Nicoletta Pireddu Wins Comparative Literature’s Most Prestigious Award
Nicoletta Pireddu’s book Migrating Minds: Theories and Practices of Cultural Cosmopolitanism has been awarded comparative literature’s most prestigious award: the René Wellek Prize. Conferred by the American Comparative Literature Association (ACLA), the prize recognizes outstanding books that “cross national, linguistic, geographic or disciplinary borders.”
“My co-editors and I are deeply honored to have received this iconic prize in comparative literary and cultural studies,” said Pireddu, a professor in the Department of Italian. “The selection committee appreciated not only the theoretical innovations of our project but also the ethical and pedagogical implications, and this is particularly rewarding to us.”

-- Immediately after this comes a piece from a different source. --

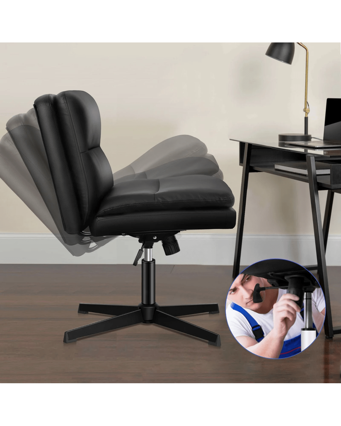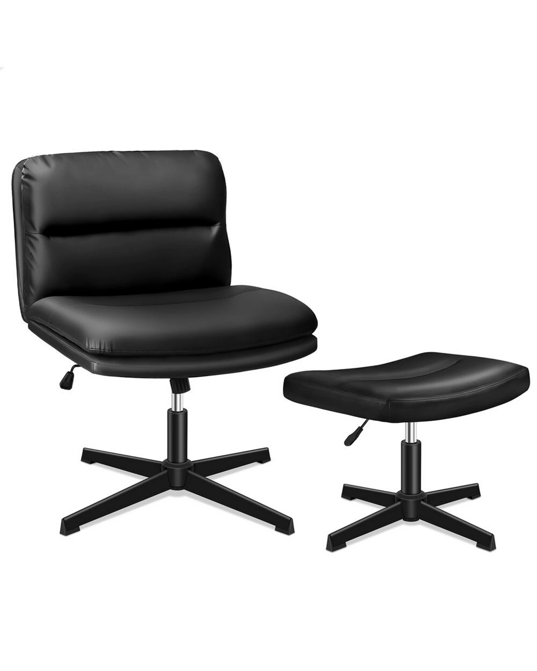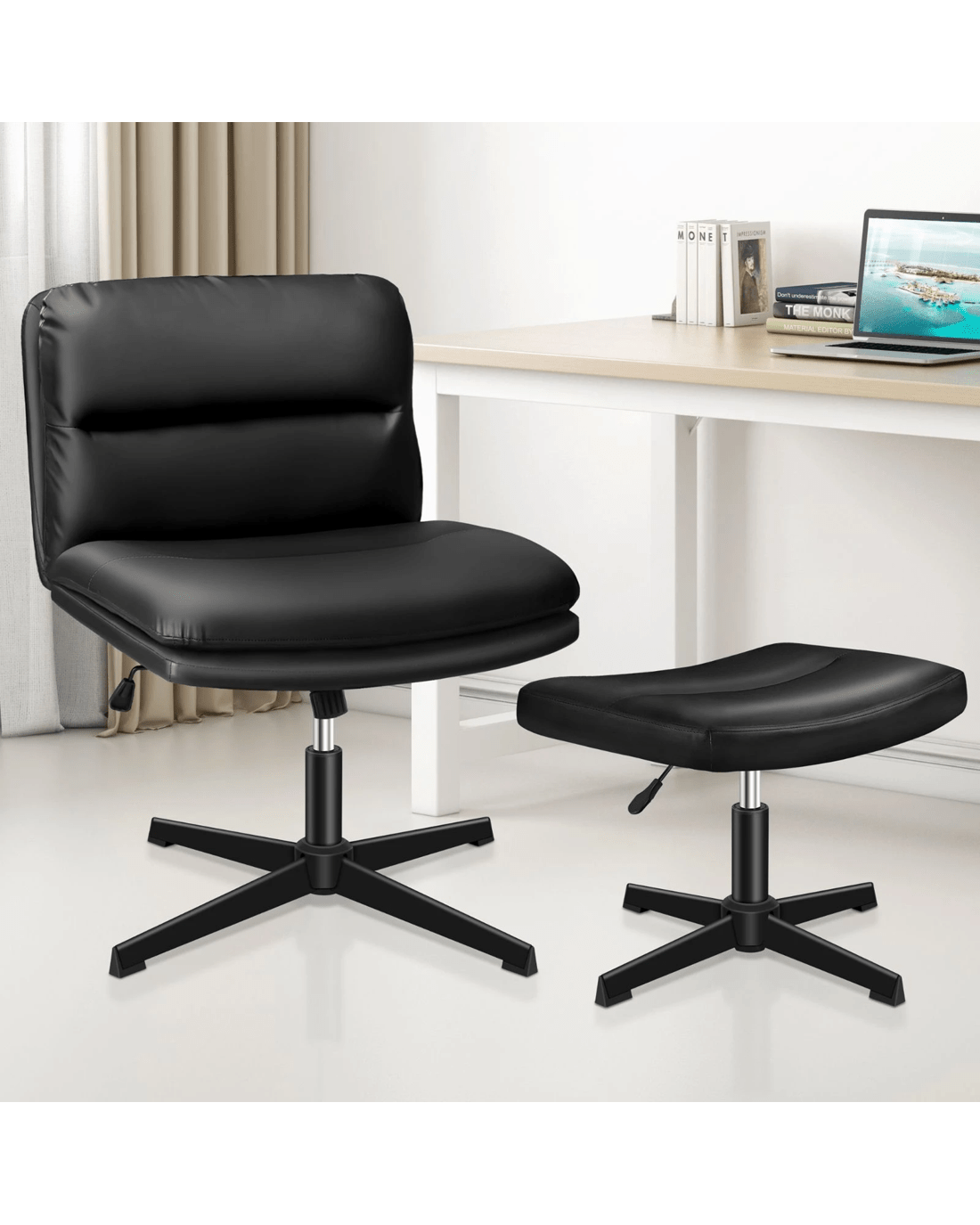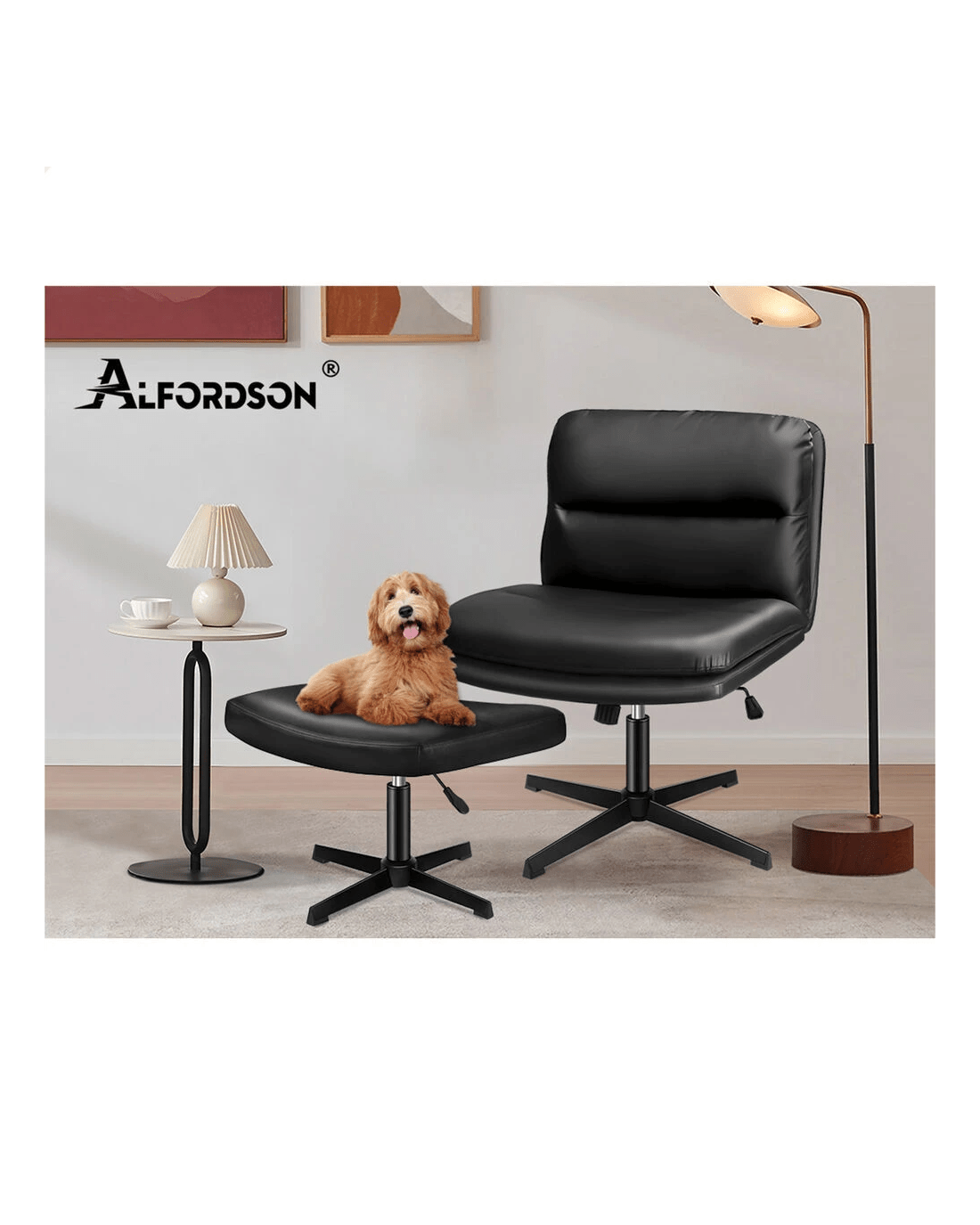 Sold by Aussie Union GroupAlfordson Office Chair Computer Cross-legged Seat Work Ottoman PU Leather - Black
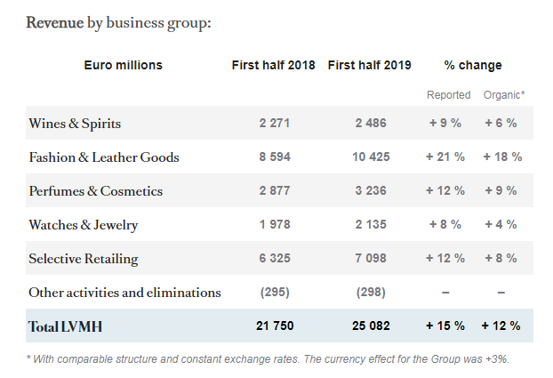 半年报显示,LVMH在2019年上半年实现收入250.82亿欧元,同比增长15%;经常性业务的利润为52.95亿欧元,增长14%;集团净利润32.68亿欧元,同比增长9%。亚洲、美国和欧洲市场增长强劲,尤其法国第二季度出现了反弹。

Publishing Across the Disciplines
Published in 2022, the book brings together 20 essays from scholars around the globe and was co-edited by Pireddu and two French scholars, Didier Coste and Christina Kkona. Pireddu penned the book’s sixteenth chapter, Euroglottogonia, or Exercises in Continental Cosmopolitanism.
“In a world torn between the leveling effects of globalization and divisive ideological polarizations, our book explores what it means to be world citizens and how the humanities can offer a new understanding of cosmopolitanism through a constructive critique of its various iterations,” said Pireddu. “Our contributors from different scholarly traditions, languages and locations help us interpret cosmopolitanism as much more than a condition of mobility, rootlessness, or hybridity. Migrating Minds articulates ways of inhabiting the world that entail constant self-interrogation, creative interaction with other peoples, cultures and languages, a sense of justice and of responsibility.”
Named after the renowned literary critic, the René Wellek Prize counts among its awardees luminaries like Umberto Eco and Edward Said. Founded in 1960, for more than half a century the ACLA has created a space and platform for scholars whose work spans cultures, languages and academic fields. In 2019, Pireddu organized the ACLA’s annual conference, which was held at Georgetown.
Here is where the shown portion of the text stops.